Он опять увидел Нафталан, каким запомнил его с того раза, когда работал там помощником бурильщика. Темная зелень фруктовых садов, виноградники на склонах песчаных холмов, несмолкаемый шум горной речки. А когда он уезжал оттуда, ему хотелось бесконечно долго стоять у кабины, в лицо — прохладный ветер, и чтобы дорога не кончалась…
НЕЗАБЫТЫЕ ВЕЧЕРА
Нам сегодня трудно представить себе застенчивого гимназиста, который шестьдесят с лишним лет назад в Киеве принес в литературный журнал свой рассказ. Паустовский?.. Редактор вспомнил — время от времени у них печатаются его стихи. Стихи не очень выделяются в общем потоке, но и не безнадежны. А тут рассказ… Правда, напечатать его по цензурным соображениям не представилось возможным, и все нее редактор имел долгий разговор с юношей, угадав в нем не случайного для литературы человека. Под конец он поднялся из-за стола и произнес в несколько приподнятой манере: «Благословляю…»
Потом появились еще рассказы. Они уже увидели свет, а ничто так не окрыляет, как первый успех. В торопливо разрезанном журнале написанные тобой слова остро пахнут типографской краской, и, пьяный от удачи, ты бродишь по ночным улицам. А в гимназии — по-взрослому, как равный с равным, беседуешь со словесником Селихановичем, умным и тонким человеком, который сочувственно следит за первыми опытами своего гимназиста.
Однажды Селиханович спросил у него: «Вот вы собираетесь стать писателем… А выносливости у вас хватит?» (Впоследствии Константин Георгиевич говорил: «Тогда я никак не мог понять, что он имеет в виду».)
Все это льстило самолюбию, возвышало в собственных глазах.
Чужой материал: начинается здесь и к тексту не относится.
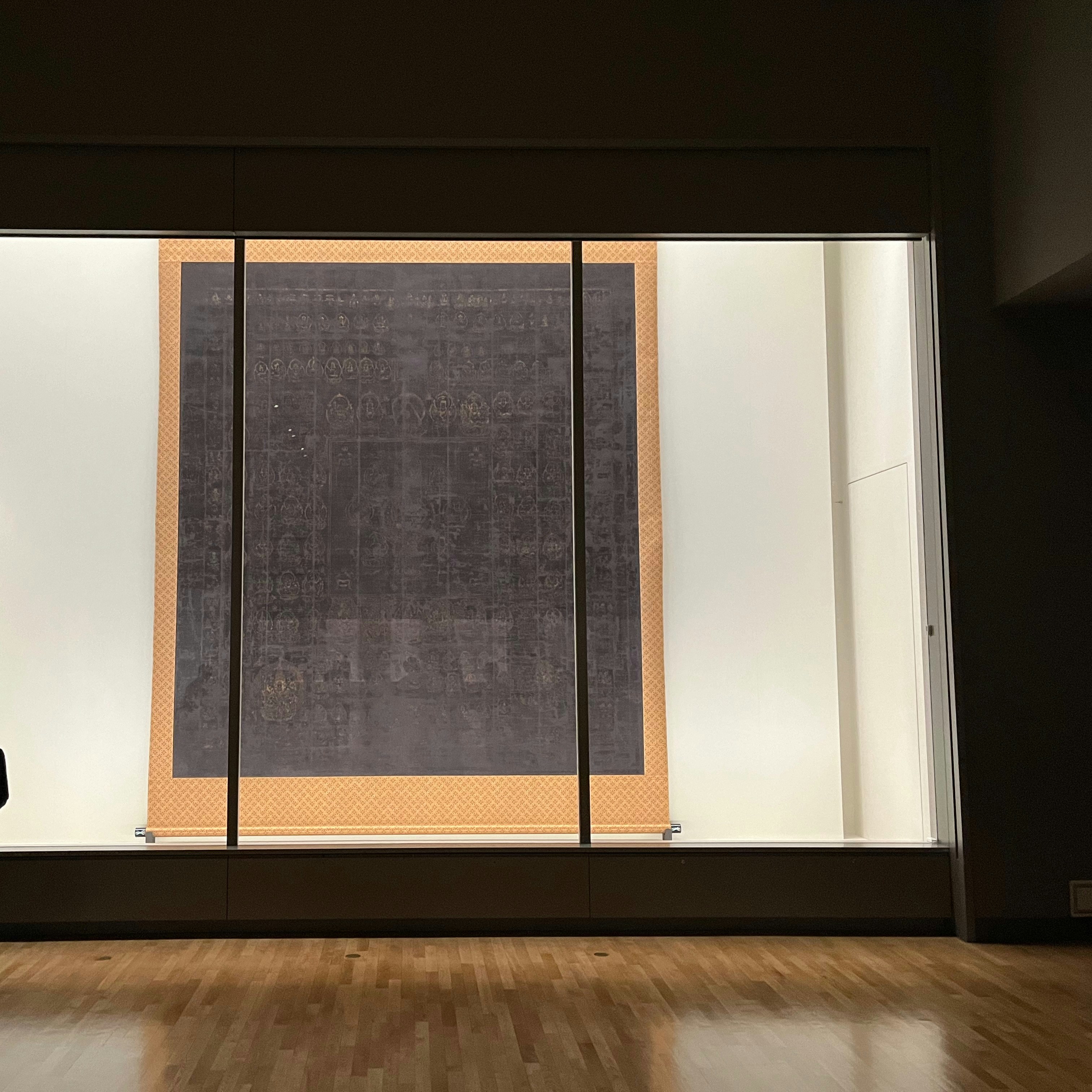 第2章「神護寺経と釈迦如来像──平安貴族の祈りと美意識」では、鳥羽天皇が発案したとされ、後白河法皇によって奉納された神護寺経などを展示することで、貴族の祈りの文化を紹介。第3章「神護寺の隆盛」では、神護寺に伝わる文書や荘園図などが展示されている。加えて第4章「古典として神護寺宝物」では、江戸時代以降も模本など密教を学ぼうとした人々が残した文物が並ぶ。

Но даже молодость, с ее чрезмерной снисходительностью к самой себе, не могла заглушить голоса той высокой, благородной требовательности, без которой любой талант бесславно чахнет.
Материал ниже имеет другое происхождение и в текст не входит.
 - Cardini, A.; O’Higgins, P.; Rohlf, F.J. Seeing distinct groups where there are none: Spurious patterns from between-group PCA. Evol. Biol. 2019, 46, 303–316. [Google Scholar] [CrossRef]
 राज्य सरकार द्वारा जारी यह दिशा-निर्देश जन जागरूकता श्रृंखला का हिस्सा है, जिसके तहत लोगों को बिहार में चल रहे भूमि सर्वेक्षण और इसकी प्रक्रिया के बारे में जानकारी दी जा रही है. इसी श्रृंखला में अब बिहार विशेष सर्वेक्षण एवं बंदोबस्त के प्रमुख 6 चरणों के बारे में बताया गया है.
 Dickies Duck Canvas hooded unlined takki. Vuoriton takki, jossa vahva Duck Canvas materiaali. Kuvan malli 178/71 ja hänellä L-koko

«…Очень скоро я понял, что могу сказать до обидного мало… Слишком небогат и узок был запас моих житейских наблюдений… Поняв это, я совершенно бросил писать — на десять лет — и, как говорил Горький, «ушел в люди», начал скитаться по России, менять профессии и общаться с самыми разными людьми… Я жил, работал, любил, страдал, надеялся, мечтал, зная только одно, — что рано или поздно, в зрелом возрасте или, может быть, даже в старости, но я начну писать».
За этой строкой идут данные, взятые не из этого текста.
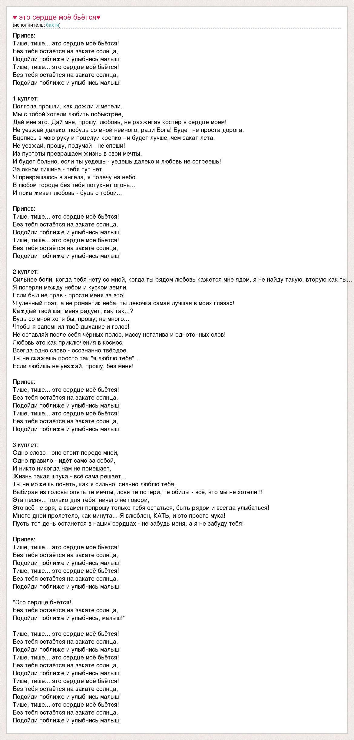 Припев: Тише, тише... это сердце моё бьётся! Без тебя остаётся на закате солнца, Подойди поближе и улыбнись малыш! Тише, тише... это сердце моё бьётся! Без тебя остаётся на закате солнца, Подойди поближе и улыбнись малыш! 1 куплет: Полгода прошли, как дожди и метели. Мы с тобой хотели любить побыстрее, Дай мне это. Дай мне, прошу, любовь, не разжигая костёр в сердце моём! Не уезжай далеко, побудь со мной немного, ради Бога! Будет не проста дорога. Вцепись в мою руку и поцелуй крепко - и будет лучше, чем закат лета. Не уезжай, прошу, подумай - не спеши! Из пустоты превращаем жизнь в свои мечты. И будет больно, если ты уедешь - уедешь далеко и любовь не согреешь! За окном тишина - тебя тут нет, Я превращаюсь в ангела, я полечу на небо. В любом городе без тебя потухнет огонь... И пока живет любовь - будь с тобой... Припев: Тише, тише... это сердце моё бьётся! Без тебя остаётся на закате солнца, Подойди поближе и улыбнись малыш! Тише, тише... это сердце моё бьётся! Без тебя остаётся на закате солнца, Подойди поближе и улыбнись малыш! 2 куплет: Сильнее боли, когда тебя нету со мной, когда ты рядом любовь кажется мне ядом, я не найду такую, вторую как ты... Я потерян между небом и куском земли, Если был не прав - прости меня за это! Я улечный поэт, а не романтик неба, ты девочка самая лучшая в моих глазах! Каждый твой шаг меня радует, как так...? Будь со мной хотя бы, прошу, не много... Чтобы я запомнил твоё дыхание и голос! Не оставляй после себя чёрных полос, массу негатива и однотонных слов! Любовь это как приключения в космос. Всегда одно слово - осознанно твёрдое. Ты не скажешь просто так "я люблю тебя"... Если любишь не уезжай, прошу, без меня! Припев: Тише, тише... это сердце моё бьётся! Без тебя остаётся на закате солнца, Подойди поближе и улыбнись малыш! Тише, тише... это сердце моё бьётся! Без тебя остаётся на закате солнца, Подойди поближе и улыбнись малыш! 3 куплет: Одно слово - оно стоит передо мной, Одно правило - идёт само за собой, И никто никогда нам не помешает, Жизнь такая штука - всё сама решает... Ты не можешь понять, как я сильно, сильно люблю тебя, Выбирая из головы опять те мечты, ловя те потери, те обиды - всё, что мы не хотели!!! Эта песня... только для тебя, ничего не говори, Это всё не зря, а взамен попрошу только тебя остаться, быть рядом и всегда улыбаться! Много дней пролетело, как минута... Я влюблен, КАТЬ, и это просто мука! Пусть тот день останется в наших сердцах - не забудь меня, а я не забуду тебя! Припев: Тише, тише... это сердце моё бьётся! Без тебя остаётся на закате солнца, Подойди поближе и улыбнись малыш! Тише, тише... это сердце моё бьётся! Без тебя остаётся на закате солнца, Подойди поближе и улыбнись малыш! *Это сердце бьётся! Без тебя остаётся на закате солнца, Подойди поближе и улыбнись, малыш!* Тише, тише... это сердце моё бьётся! Без тебя остаётся на закате солнца, Подойди поближе и улыбнись малыш! Тише, тише... это сердце моё бьётся! Без тебя остаётся на закате солнца, Подойди поближе и улыбнись малыш! Тише, тише... это сердце моё бьётся! Без тебя остаётся на закате солнца, Подойди поближе и улыбнись малыш! Тише, тише... это сердце моё бьётся! Без тебя остаётся на закате солнца, Подойди поближе и улыбнись малыш!

Я вспоминаю Паустовского, каким он был, когда вел семинар в Литературном институте, в середине сороковых годов. Не правда ли, странно, что и про наш уже век можно сказать — сороковые годы, как о чем-то далеком.
Но не забываются — встречи и обсуждения, горячие, откровенные споры, та душевная щедрость, с которой Константин Георгиевич относился к молодым литераторам, и как он настойчиво и ненавязчиво внушал уважение к писательскому труду, предостерегал от погони за дешевым успехом, приучал к ответственности за каждое слово.
Таким же — не изменившим себе в этом — он оставался и в последующие годы, до самого последнего своего дня. Но я ограничиваю себя во времени, потому что сам пробыл в его семинаре до марта 1947 года.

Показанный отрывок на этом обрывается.